Trial: Malaria Chemoprevention Protects Children

The non-governmental organization Doctors Without Borders, or Medecins Sans Frontieres, has launched a new, malaria prevention campaign in several countries in sub-Saharan Africa aimed at protecting the illnesses’ most vulnerable population – children under the age of five. During the campaigns at the height of malaria season – from July to October – young children will be offered so-called chemoprevention drugs.

Small children are at highest risk of dying from malaria, a mosquito-borne parasitic illness that claimed the lives of some three-quarters of a million people in 2012, most of them children and babies in sub-Saharan Africa.

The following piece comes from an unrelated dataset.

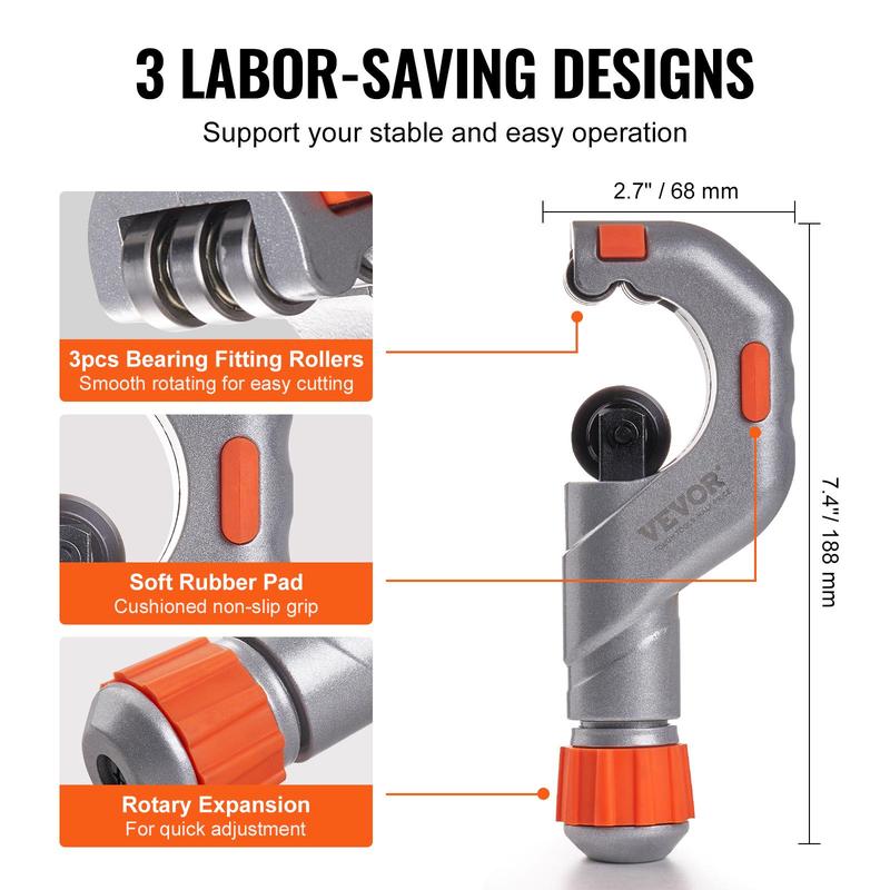 • 3PCS Professional Cutter Set: VEVOR 3pcs tubing cutter set includes a heavy-duty copper pipe cutter, a mini tube cutter, and a deburring tool. The copper pipe cutter is suitable for 3/16" to 2" O.D. pipes with 1/8" max cutting thickness. And the mini pipe cutter can cut 1/8" to 7/8" O.D. pipes with 1/20" max cutting thickness. Perfectly ideal for aluminum, copper, PVC, and thin stainless steel pipes in HVAC, plumbing, construction, air conditioning and heating systems.

Doctors Without Borders, or MSF, is planning to roll out mass seasonal malaria chemoprevention campaigns, known as SMCs, in the Sahel sub-region to prevent new cases of the disease in countries where malaria is widespread. These nations include Senegal, Gambia, Niger, Burkino Faso and Mali.

In a 2013 SMC trial in Niger, the organization treated more than 200,000 children between the ages of three and 59 months with chemoprevention drugs.

Trials of the chemoprevention strategy in the last two years have shown a reduction of up to 83 percent in simple malaria cases; there’s a similar percentage reduction in the number of cases of severe malaria.

Estrella Lasry, tropical medicine adviser for the group, says the campaign was launched at the urging of the World Health Organization.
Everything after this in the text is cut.